CS 1510 Midterm 1

Fall 1997

Note that the only difference in the first two problems is the definition of total penalty.

1.

The input to this problem consists of an ordered list of n words. The length of the ith word is w_i, that is the ith word takes up w_i spaces. (For simplicity assume that there are no spaces between words.) The goal is to break this ordered list of words into lines, this is called a layout. Note that you can not reorder the words. The length of a line is the sum of the lengths of the words on that line. The ideal line length is L. No line may be longer than L, although it may be shorter. The penalty for having a line of length K is L-K. The total penalty is the sum of the line penalties. The problem is to find a layout that minimizes the total penalty.

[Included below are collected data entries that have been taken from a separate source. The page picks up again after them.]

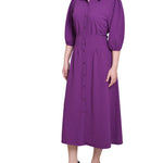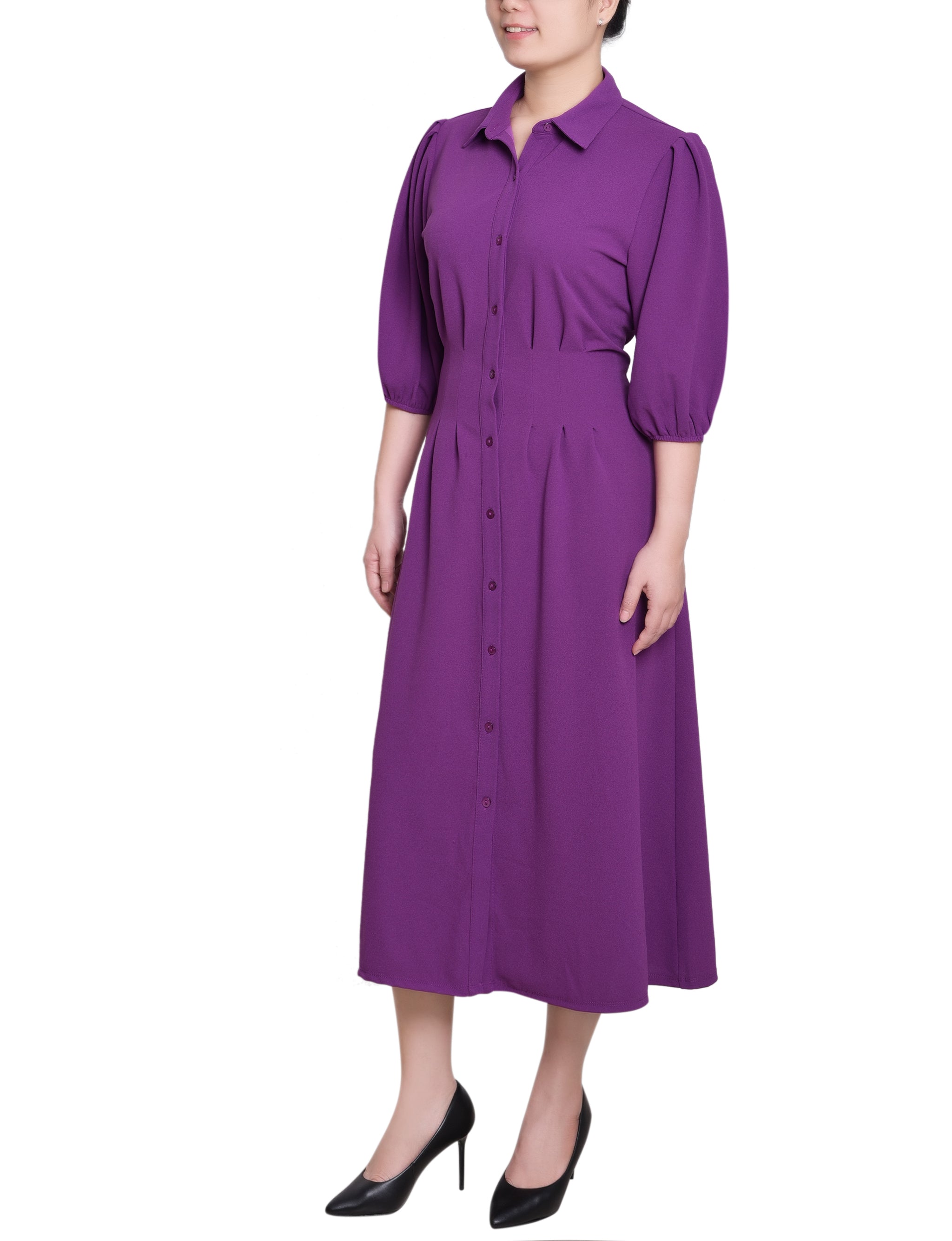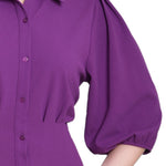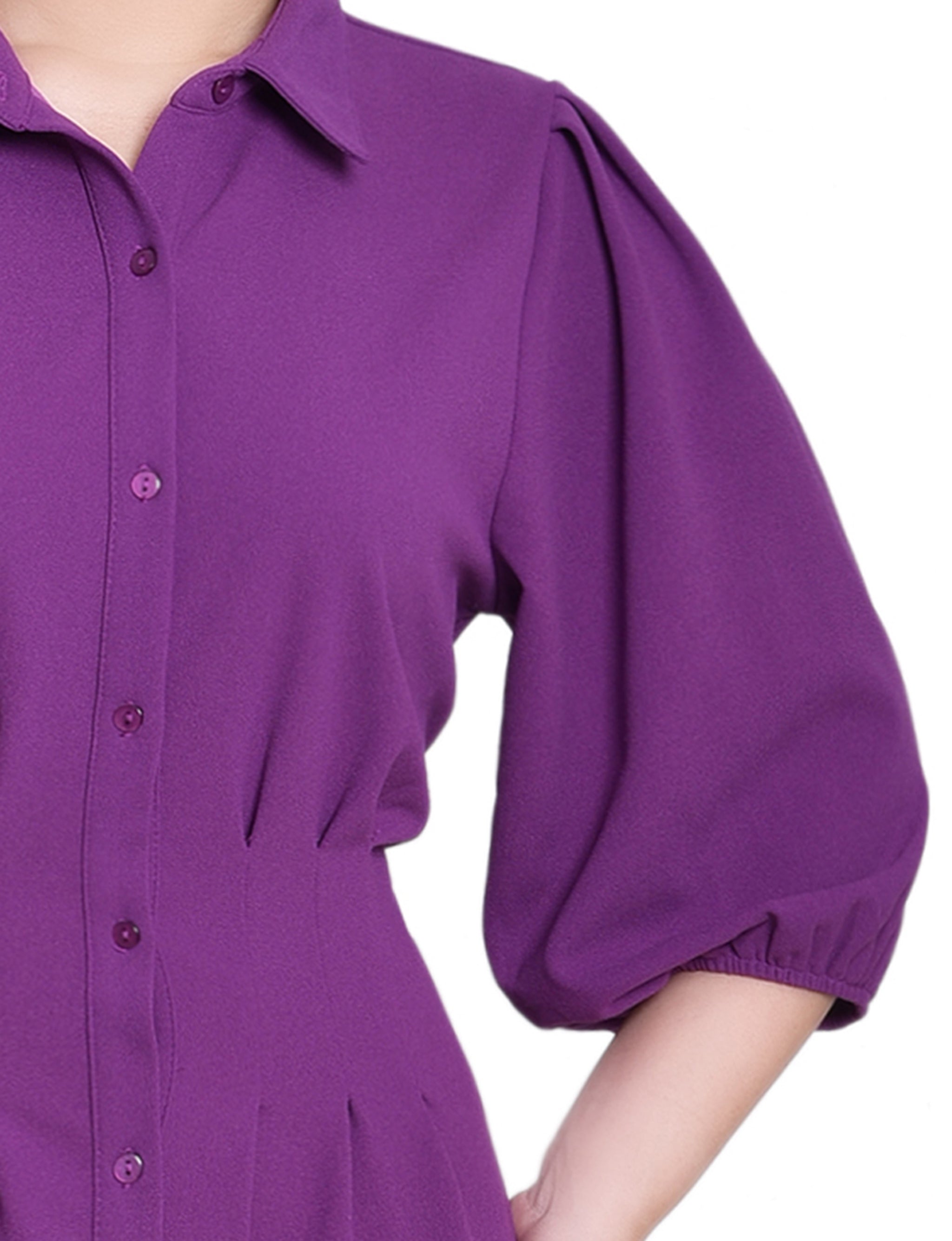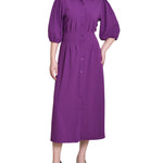 This midi shirt dress features elbow-length puff sleeves, a classic collar, and button-down front. Cinched waist offers a flattering silhouette.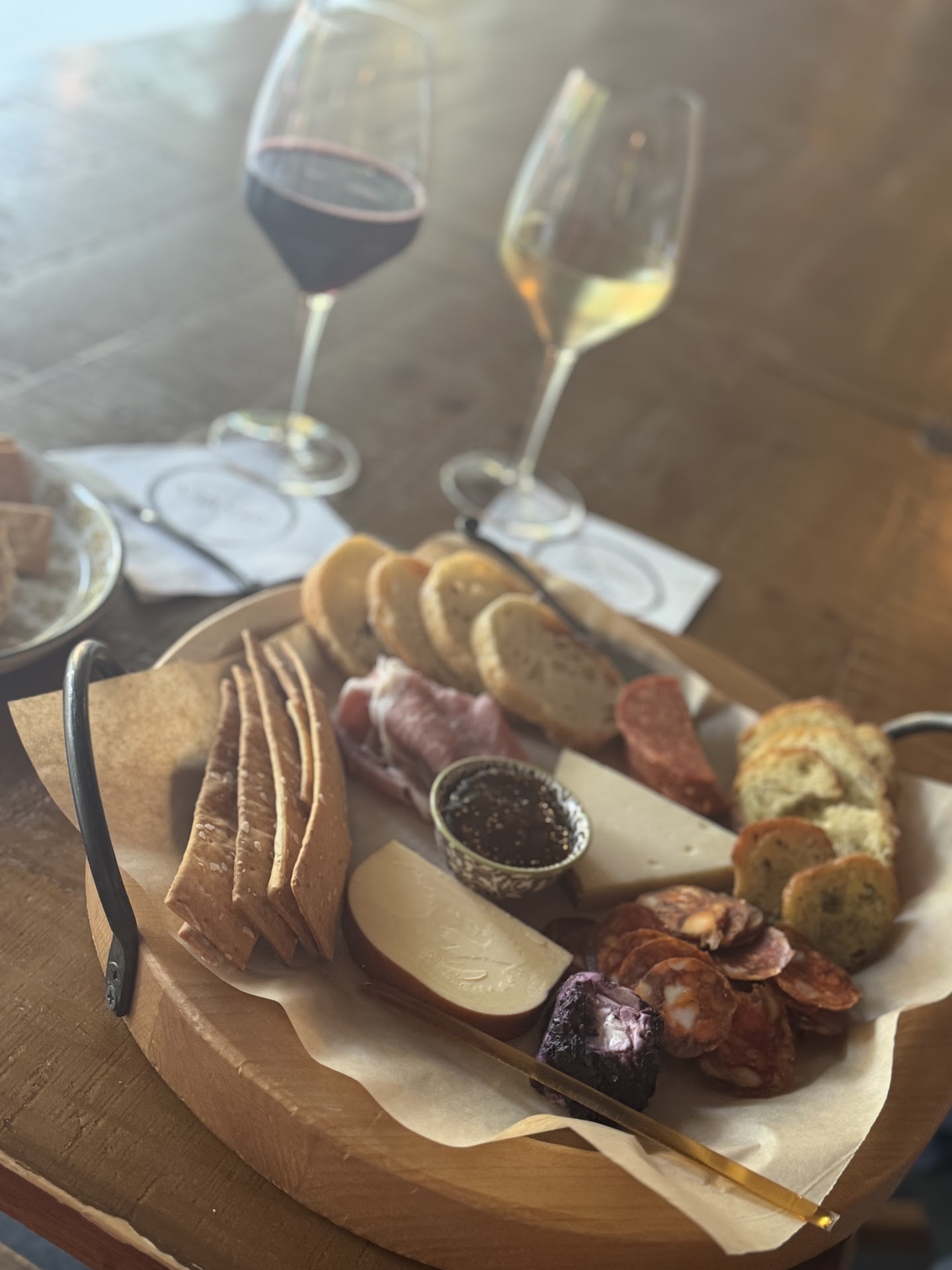 We walked up to the bar and were promptly greeted, the bartender explained several of the wines. I have very little wine knowledge but I got a sparkling red and thought it was great. We also ordered some charcuterie (we chose blueberry goat cheese, Gouda, and machete, along with prosciutto, chorizo, and pepperoni) and jalapeño pimiento cheese. My favorite was the pimiento cheese, it had a great amount of heat to it.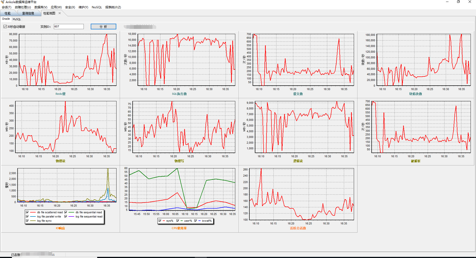 从这里,有经验的DBA就可以看出,ankole数据库运维平台将AWR性能快照收集起来了,通过相关指标项的折线图就可以快速了解数据库的性能历史。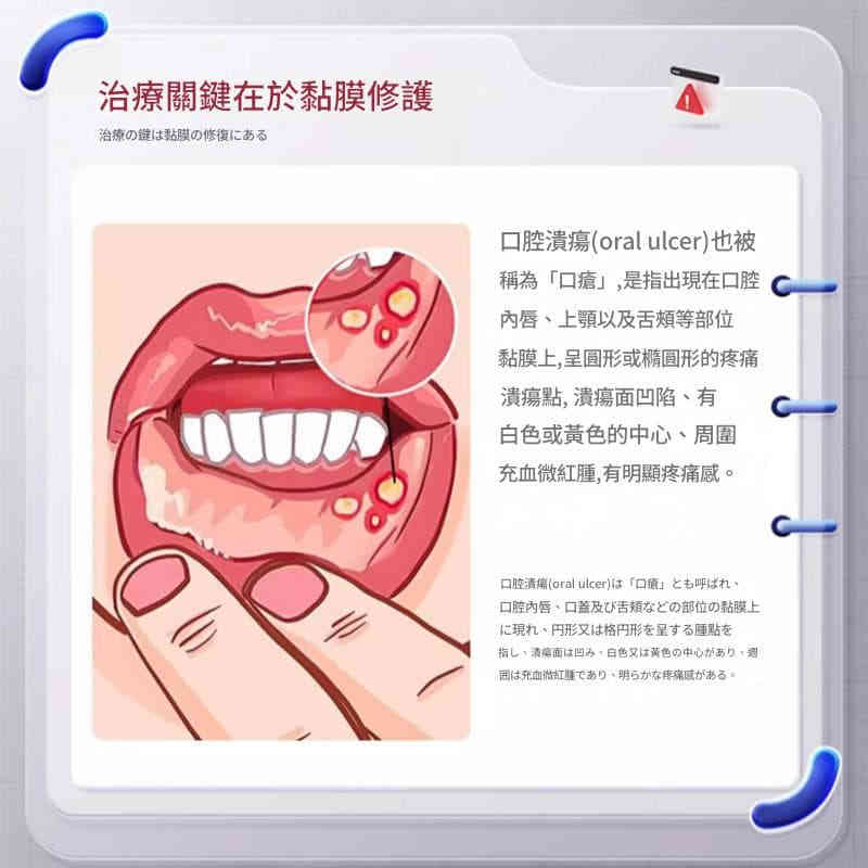 精選溫和修復成分,不易對敏感的口腔黏膜造成過度刺激,旨在溫和護理不適。 -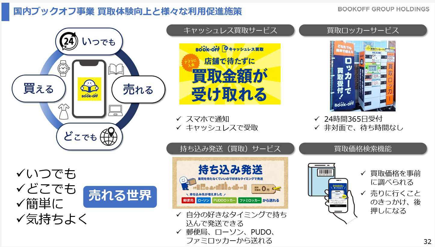 これに伴い、「BOOKOFF総合買取窓口」をECサイトと同様に、「Rehello(リハロ)」への名称変更を進めている。26年5月期中に「Rehello」ブランドへ屋号を統一する予定である。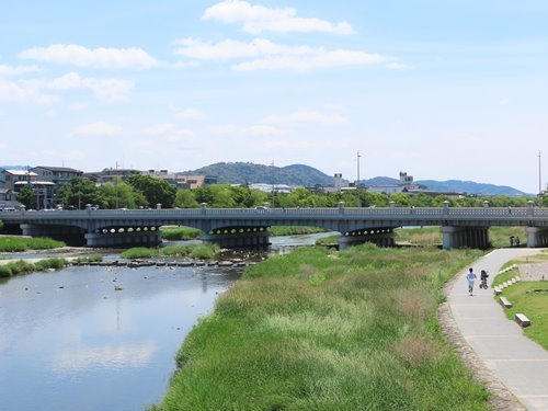賀茂川と高野川の合流点にかかる橋です。かなり歴史がある橋らしいですが、現在の橋が架けられたのは昭和初期とのこと。橋長142メートルは鴨川にかかる橋のなかでは最長なのですね。このときは京都御苑をじっくり見てまわってから、この橋の中央までいって合流点の鴨川デルタを目に焼き付け、さらに賀茂川左岸を上賀茂神社まで進みました。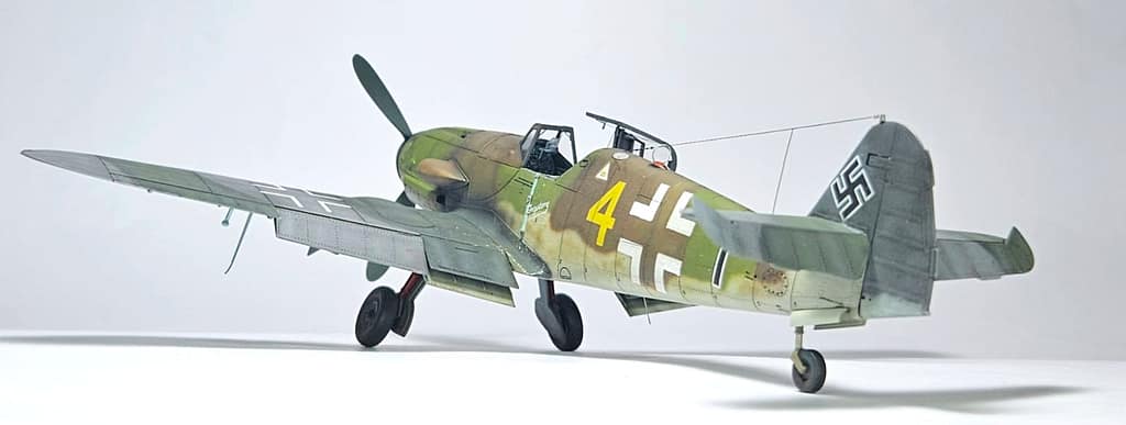 La intención fue lograr un modelo equilibrado: buen panelado, cabina trabajada y una pintura que respete las tonalidades RLM clásicas.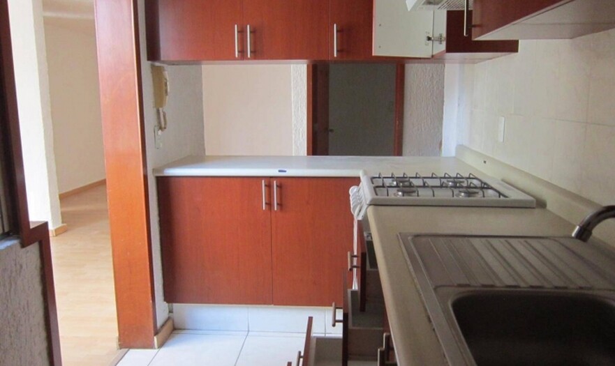 3 recamaras, 2 baños, recamaras con closet, la principal con baño, cuarto de servicio, cocina integral, sala y comedor estacionamiento para 2 autos, jardín en el área común.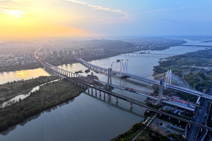 10月14日,成都至达州至万州高速铁路(简称成达万高铁)全线控制性工程遂宁涪江特大桥合龙。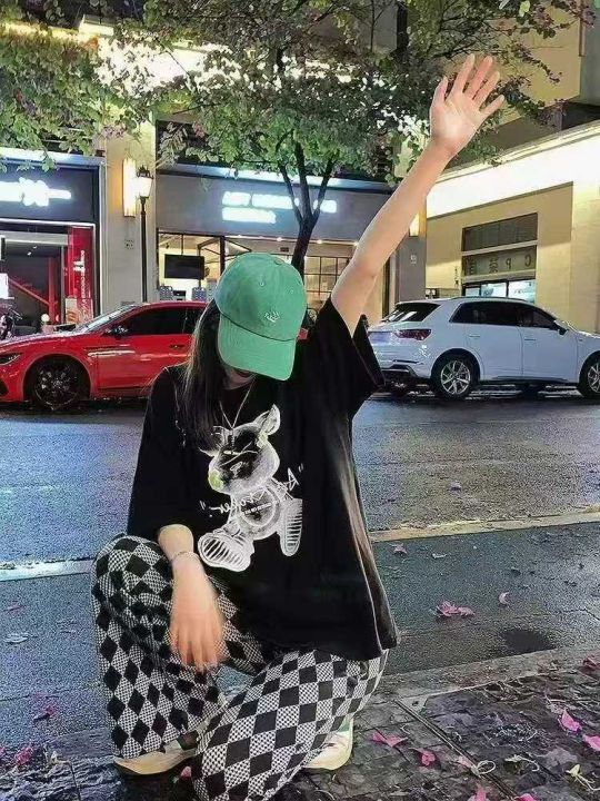 欧美外贸春夏宽松卡通兔子印花宽松阔腿裤可外穿宽松口袋长裤,只有黑色,独...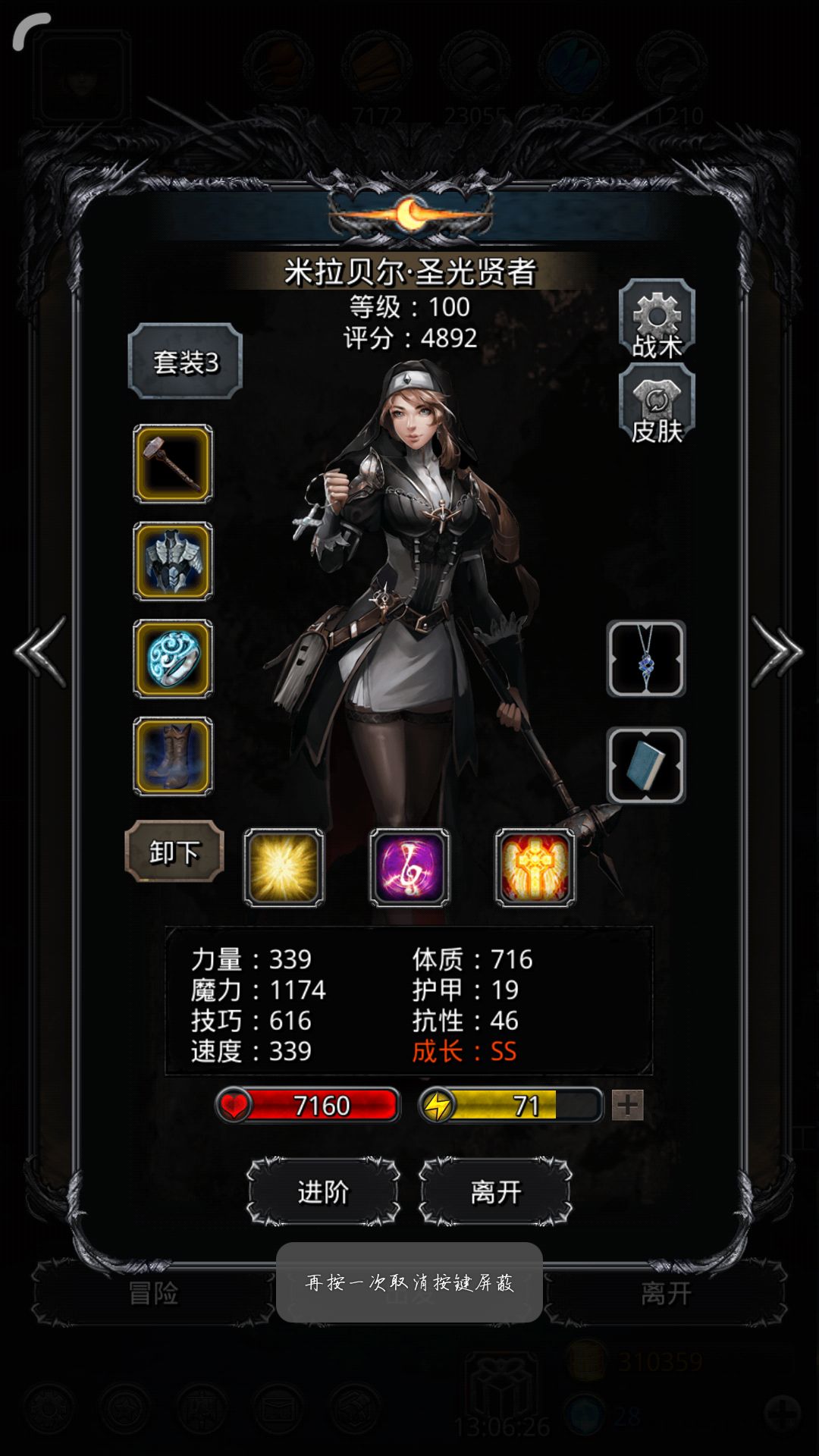 锤子+冬甲+魔力鞋+回复装备(我用了王国戒)+回复战利品(最好有技巧)+先发战利品(没有的话也可以试试,有的话稳一点,图16辛西娅任务会送一个,辛西娅只要凑凑装备单圣骑慢慢耗就行了,到时候直接杀了,不要怜香惜玉鸭)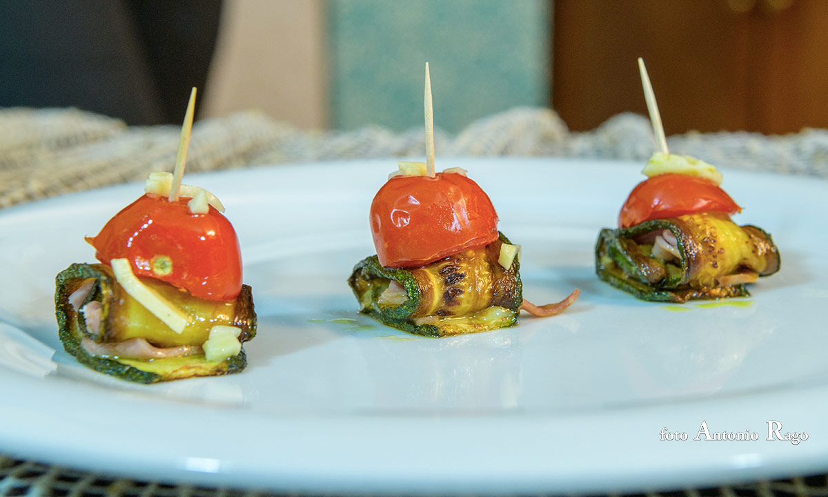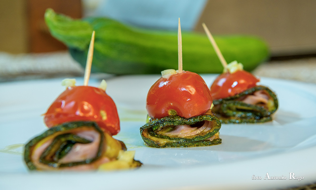 Vediamo, a questo punto, quali sono gli ingredienti per fare un buon secondo a base di zucchine in maniera facile e veloce, con tutti i consigli e i trucchi dello chef Carmine Santoro. Quali sono gli ingredienti e per quante persone? “Per quattro persone, occorrono 500 grammi di zucchine, 150 grammi di prosciutto cotto o crudo o di lardo di colonnato o di pancetta, 300 grammi di pachino, 150 grammi di provola di Agerola”. Qual è il procedimento, passo passo, della ricetta? “Occorre, innanzitutto, tagliare a fette orizzontali le zucchine lavate ed asciugate. Bisogna, poi, portarle a metà cottura in una padella unta con olio di oliva. A questo punto, unire la provola e l’insaccato preferito, arrotolare e fermare tutto con uno stuzzicadenti. Riporre gli spiedini in padella a fuoco basso e con coperchio ed ultimare la cottura”.
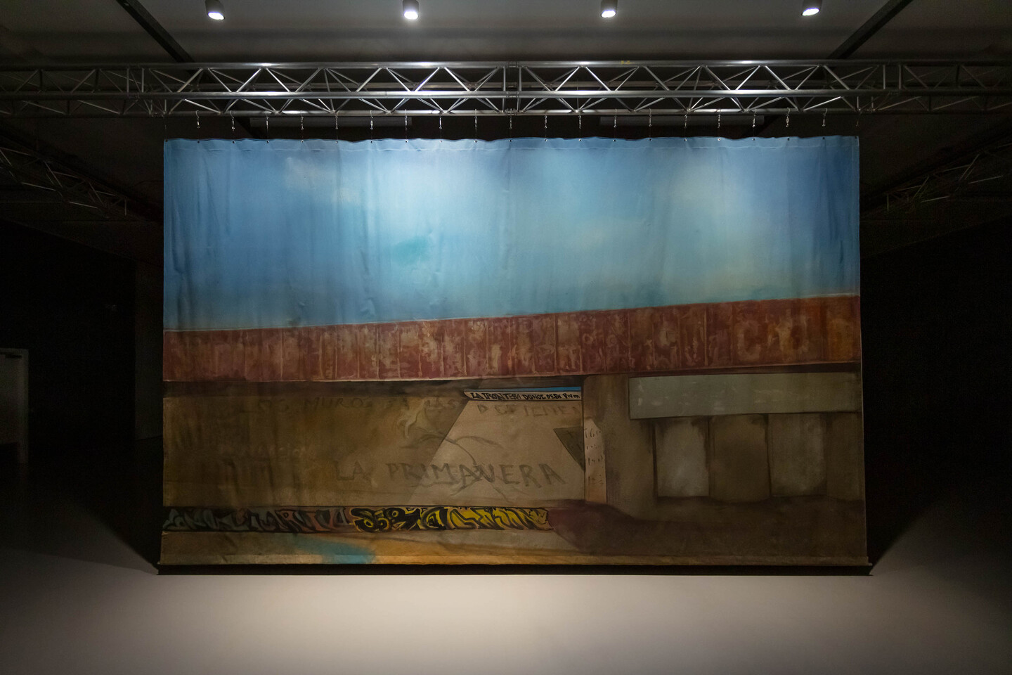 Each act is demarcated by a scenographic change in the hand-painted backdrop on the Opera House stage. First, we see the original backdrop of a picturesque Venice canal, followed by two newly commissioned scenes that are part of the installation. One references a 1920 painting by British artist Richard Carline (1898–1980) of an aerial view of Damascus and its surrounding landscape, and the other the concrete culvert in El Paso-Juárez where the 2010 cross-border shooting took place.

Prove of disprove that the following greedy algorithm correctly solves this problem.

For i= 1 to n
     Place the ith word on the current line if it fits
       else place the ith word on a new line

2.

The input to this problem consists of an ordered list of n words. The length of the ith word is w_i, that is the ith word takes up w_i spaces. (For simplicity assume that there are no spaces between words.) The goal is to break this ordered list of words into lines, this is called a layout. Note that you can not reorder the words. The length of a line is the sum of the lengths of the words on that line. The ideal line length is L. No line may be longer than L, although it may be shorter. The penalty for having a line of length K is L-K. The total penalty is the maximum of the line penalties. The problem is to find a layout that minimizes the total penalty.

Prove of disprove that the following greedy algorithm correctly solves this problem.

For i= 1 to n
     Place the ith word on the current line if it fits
       else place the ith word on a new line

3.

Consider the Chained Matrix Multiplication Problem from the text. The input to this problem is a sequence of n matrices $A_1, \ldots, A_n$. The output is parenthesization of the product $A_1 \cdots A_n$ that results in the fewest number of scalar multiplications. We assume that the naive matrix multiplication algorithm is used to multiply pairs of matrices. This naive algorithm uses abc scalar multiplications to multiply an a by b matrix by an b by c matrix. Let MIN(i, j), $1 \le i \le j \le n$ be the minimum number of scalar multiplications required to compute the product $A_i A_{i+1} \cdots A_j$.

(a)

Explain how the feasible solutions to an instance of this problem can be viewed as trees.

(b)

Give a recurrence relation for MIN(i,j).

(c)

Use this relation to compute the remaining entry in the following table when where A₁ is a 13 by 5 matrix, A₂ is a 5 by 89 matrix, A₃ is a 89 by 3 matrix, and A₄ is a 3 by 34 matrix. Show your calculations.

	j=1	j=2	j=3	j=4
i=1	0	5785	1530
i=2	UNDEFINED	0	1535	1845
i=3	UNDEFINED	UNDEFINED	0	9078
i=4	UNDEFINED	UNDEFINED	UNDEFINED	0

(d)

In the above example, which matrix multiplication should be performed last in order to minimize the number of scalar multiplications? Justify your answer.

4.

The input to this problem consists of:

• Gems $G_1, \ldots, G_n$,

• with an integer value v_i in dollars for each G_i, and

• with a type, ruby or diamond, for each gem.

The problem is to determine if it is possible to partition of the gems into two collections P and Q such that

• the number of rubies in P is greater than the number of rubies in Q,

• the number of diamonds in P is less than the number of diamonds in Q.

• The expression
  
  $$\mid \sum_{G_i \in P} v_i - \sum_{G_i \in Q} v_i \mid$$
  
  
  is maximized.

Note that a partition means that every gem must be in exactly one of P or Q. Given an algorithm for this problem that runs in time polynomial in n+L, where $L = \sum_{i=1}^n v_i$.

5.

The input to this problem is a pair of strings $A=a_1 \ldots a_m$ and $B=b_1 \ldots b_n$. The goal is to convert A into B as cheaply as possible. The edit rules are as follows. For a cost of 4 you can delete any letter. For a cost of 5 you can insert a letter in any position. For a cost of 6 you can replace any letter by any other letter. For a cost of 66 you can delete any suffix of A. So the output should be a sequence of edits that convertes A to B as cheaply as possible. Give a polynomial time algorithm for this problem.

For example, you can convert A=abcabc to B=aba via the following sequence: abcabc at a cost of 66 can be converted to abc, which at cost of 6 can be converted to abc. Thus the total cost for this conversion would be 72. This conversion is not optimal.